Voglio dire che, non solo alla poesia e al linguaggio della narrazione non appartiene il “contorno” di rumori, suoni, musiche e danze, ma che rumori, suoni musiche e danze li deve creare il lettore su suggerimento che le parole gli alitano nella mente.
Altrimenti della lettura si perde una delle sue prerogative più importanti e magiche.
La lettura è opera solitaria, come la scrittura, ma profondamente partecipativa, comunicazione intima, profonda e essenziale tra una solitudine che se ne è stata per tanto tempo a scrivere e una solitudine che sceglie di spendere il suo tempo a leggere e a ricostruire, in maniera creativa, sensazioni, pensieri, concetti, visioni del mondo che transitano, si trasmettono da una mente a un’altra distante nel tempo e nello spazio.
Tutto qui, a parere mio,  il senso dello scrivere e del leggere.
Giungo al tuo Toglietemi gli specchi intorno al quale ho tentato, nella presentazione di sabato, tra balli e suoni,  di esprimere la mia particolare interpretazione.
Si tratta di un gioco a incastro, una storia di una storia. Questo intendevo quando evocavo l’immagine delle “scatole cinesi”.
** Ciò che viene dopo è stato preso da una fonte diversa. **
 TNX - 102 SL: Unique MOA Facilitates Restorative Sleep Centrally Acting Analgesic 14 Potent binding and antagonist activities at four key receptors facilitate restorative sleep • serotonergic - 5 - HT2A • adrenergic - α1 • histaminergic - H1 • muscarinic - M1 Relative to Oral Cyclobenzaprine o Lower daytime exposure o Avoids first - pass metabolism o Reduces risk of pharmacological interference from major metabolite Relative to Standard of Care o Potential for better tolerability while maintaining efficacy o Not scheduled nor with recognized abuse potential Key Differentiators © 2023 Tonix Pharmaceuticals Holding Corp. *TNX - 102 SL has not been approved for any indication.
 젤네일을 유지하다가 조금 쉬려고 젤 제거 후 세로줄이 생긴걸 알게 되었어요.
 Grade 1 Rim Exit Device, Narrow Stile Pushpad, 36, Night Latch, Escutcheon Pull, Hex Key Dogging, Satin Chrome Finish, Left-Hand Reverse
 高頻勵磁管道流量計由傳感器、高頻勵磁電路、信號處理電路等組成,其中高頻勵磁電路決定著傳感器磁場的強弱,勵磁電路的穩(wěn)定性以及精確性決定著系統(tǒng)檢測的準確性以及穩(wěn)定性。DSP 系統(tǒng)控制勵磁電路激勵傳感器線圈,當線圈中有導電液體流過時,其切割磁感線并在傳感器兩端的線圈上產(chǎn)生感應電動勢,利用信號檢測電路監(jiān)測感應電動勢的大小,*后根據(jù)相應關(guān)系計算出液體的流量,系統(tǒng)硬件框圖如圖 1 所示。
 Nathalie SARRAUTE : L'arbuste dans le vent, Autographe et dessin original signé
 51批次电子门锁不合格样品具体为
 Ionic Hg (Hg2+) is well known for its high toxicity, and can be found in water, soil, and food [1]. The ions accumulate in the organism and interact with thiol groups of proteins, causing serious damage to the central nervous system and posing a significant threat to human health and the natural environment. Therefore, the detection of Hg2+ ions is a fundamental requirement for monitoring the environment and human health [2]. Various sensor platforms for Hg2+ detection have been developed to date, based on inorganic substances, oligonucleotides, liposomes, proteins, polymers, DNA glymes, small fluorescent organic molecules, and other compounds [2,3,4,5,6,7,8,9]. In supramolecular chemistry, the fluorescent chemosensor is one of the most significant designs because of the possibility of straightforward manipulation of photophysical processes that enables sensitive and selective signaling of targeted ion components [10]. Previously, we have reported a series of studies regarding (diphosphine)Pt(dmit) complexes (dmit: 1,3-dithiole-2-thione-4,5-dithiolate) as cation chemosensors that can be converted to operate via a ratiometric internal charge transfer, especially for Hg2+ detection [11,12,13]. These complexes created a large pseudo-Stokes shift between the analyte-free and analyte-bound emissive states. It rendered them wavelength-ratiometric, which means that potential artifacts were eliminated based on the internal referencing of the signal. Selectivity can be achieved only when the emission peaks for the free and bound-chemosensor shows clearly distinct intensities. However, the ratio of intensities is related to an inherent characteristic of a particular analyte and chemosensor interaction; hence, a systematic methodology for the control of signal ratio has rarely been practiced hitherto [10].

L’autore Alberto Sarti, che ha un suo vissuto che decanta verso l’espressione e il trionfo delle sue idee ma altrettanto verso il disastro della sua vita e il suo personaggio principale, Mario, che insegue, contemporaneo vagabondo della grande città, uomo-senza–casa (secondo la notissima espressione felicemente inventata da Ladislao Mittner), una possibile idea di bellezza e felicità, sono gli elementi di questo incastro di coscienze, di vissuto.  
L’incastro delle storie è un pretesto, per te, per dilungarti su argomenti che spaziano dalla ricerca e definizione della bellezza alla passione politica, dall’impegno culturale necessario per proteggere la bellezza costruita, quella dell’arte, all’arroganza degli uomini perduti appresso alle loro passioni e le loro miserie, all’accumulazione e al profitto.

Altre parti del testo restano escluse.